[maker-devel] MAKER
Keilwagen, Jens
jens.keilwagen at julius-kuehn.de
Fri Sep 22 14:15:23 MDT 2017
Hi Carson,
Thanks a lot for the information.
Just to be sure that I understand you right: It is impossible to obtain MAKER results based on RNA-seq and homology that differ from purely homology-based MAKER results?
Could you confirm that?
Thanks a lot and best regards, Jens
> -----Ursprüngliche Nachricht-----
> Von: Carson Hinton Holt [mailto:carson.holt at genetics.utah.edu]
> Gesendet: Freitag, 22. September 2017 22:04
> An: Keilwagen, Jens
> Cc: Maker Mailing List
> Betreff: Re: MAKER
>
> MAKER won’t produce est2genome results for est_gff. This is partially
> because est2genome results are only used for training gene predictors.
> So you are essentially just getting protein2genome results from your
> runs. Once you get a gene predictor trained you will see a difference,
> as it will use the intron/exon structure of alignments as hints to
> improve gene predictor performance.
>
> —Carson
>
>
> > On Sep 21, 2017, at 1:57 AM, Keilwagen, Jens <jens.keilwagen at julius-
> kuehn.de> wrote:
> >
> > Hi Carson,
> >
> > I have tried the proposed options for a small example (yeast).
> >
> > I had
> > - proteins (fasta) from another yeast and
> > - transcript annotation (gff) from cufflinks and StringTie
> >
> > I'd like to compare the maker results for
> > - proteins and StringTie
> > Vs.
> > - proteins and cufflinks
> >
> > I used the default options, except:
> > genome=<genome fasta>
> >
> > protein=<protein fasta>
> > est_gff=<transcript gff>
> >
> > est2genome=1
> > protein2genome=1
> >
> > (An example is attached.)
> >
> > Then I ran maker:
> >
> > maker -RM_off -c 24
> > find . -type f -name *.gff -exec cat {} + | grep maker >
> > filtered-maker-prediction.gff
> >
> > (The run seems to be okay. There were no FAILED, ... in the log. Cf.
> > attachment)
> >
> > Each maker run was started in a separate subdirectory.
> > However, I realized that both maker runs yielded almost the same
> result (just one minor edit). This made me curious.

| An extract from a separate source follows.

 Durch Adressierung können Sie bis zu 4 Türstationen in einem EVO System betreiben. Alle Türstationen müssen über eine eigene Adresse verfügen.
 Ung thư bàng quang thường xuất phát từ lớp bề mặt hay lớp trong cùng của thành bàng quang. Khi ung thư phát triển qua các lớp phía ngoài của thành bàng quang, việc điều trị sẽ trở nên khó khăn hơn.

> > As far as I understood the files, I received the (filtered?)
> exonerate predictions for the proteins (from the other yeast). Is this
> correct? Why did I not receive any predictions (purely) based on the
> RNA-seq data? Did I something wrong?
> >
> > I'm looking forward to your reply.
> >
> > Best regards, Jens
> >
> >
> >> -----Ursprüngliche Nachricht-----
> >> Von: Carson Hinton Holt [mailto:carson.holt at genetics.utah.edu]

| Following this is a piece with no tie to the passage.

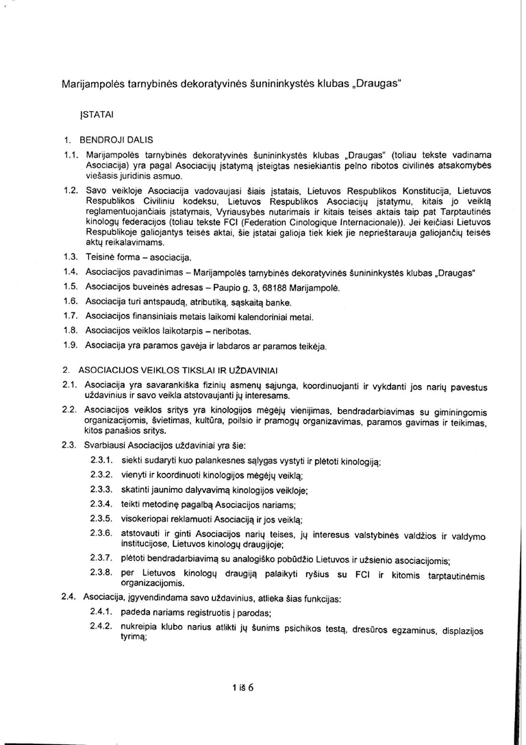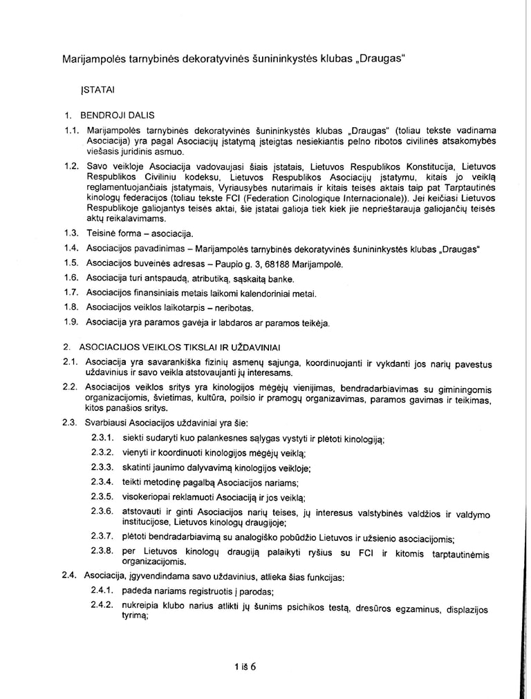 Klubo nuostatai (atkreipiame dėmesį, kad stojimo kaina ir pan. įstatų dalys gali būti keičiamos klubo susirinkimo metu)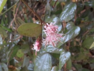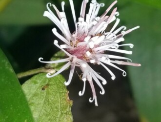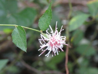 - 花期は9~10月。本年枝の先に白い頭状花(小さな花が円板状に集まって咲く)を一輪ずつつける。頭花は小さい筒状花(花びらが合わさって管状になる)が十数個集まっており、花弁は細長くてよじれる。実は5.5mmほどで、タンポポなどと同様に先端に冠毛があり風で飛散する。

> >> Gesendet: Dienstag, 19. September 2017 23:37
> >> An: Keilwagen, Jens
> >> Betreff: Re: MAKER
> >>
> >> MAKER cannot use the BAM directly, but you can use something like
> >> stringtie or trinity to assemble a transcript fasta that can be
> given
> >> to the est= option.
> >>
> >> Ab initio gene prediction is only enabled if you specify an hmm or
> >> species file to use. If all you want is homology based annotation,
> >> you can try the est2genome and protein2genome options. Note the
> final
> >> models may be partial if the alignments do not cover the gene end to
> >> end.
> >>
> >> —Carson
> >>
> >>
> >>
> >>> On Sep 18, 2017, at 4:02 AM, Keilwagen, Jens
> <jens.keilwagen at julius-
> >> kuehn.de> wrote:
> >>>
> >>> Hi Carson,
> >>>
> >>> thanks a lot for your last email that .
> >>>
> >>> I was asked to do homology-based gene prediction using RNA-seq and
> >> Maker was proposed as one option.
> >>> Hence I'd like to ask how to do that in the best possible way.

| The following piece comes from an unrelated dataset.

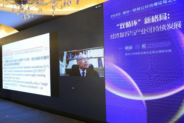 刘遵义教授通过视频连线进行了主题为《试论“双循环”》的主题演讲。刘遵义将双循环理解为国内和国际的循环,并认为循环意味“需求和供给互相碰到”。针对目前中美贸易摩擦和疫情爆发的国际形势,刘遵义认为目前完全孤立和自给自足是可以做到的,但会导致全国生活水平的下降,且中国在经济全球化中受益良多,不适合回到“单循环”,而应当坚持“双循环”。中国有可能和美国经济脱钩,但必须加强和其他国家的联系。为了实现经济的可持续发展,我们需要寻找第二供应来源以避免供应链中断,同时促进资源多元化和循环使用、加强自主创新,扶持幼稚产业、通过调整工资机制提高家庭消费,并且加大公共消费。

> >>> I have mapped RNA-seq data (SAM/BAM) and a fasta of proteins from a
> >> related species. How can I integrate the RNA-seq data?
> >>>
> >>> Is it possible to deactivate ab-initio gene prediction by Augustus
> >>> or
> >> SNAP?
> >>>
> >>> Thanks a lot in advance.
> >>>
> >>> Bets regards, Jens
> >>>
> >>>> -----Ursprüngliche Nachricht-----
> >>>> Von: Carson Holt [mailto:carson.holt at genetics.utah.edu]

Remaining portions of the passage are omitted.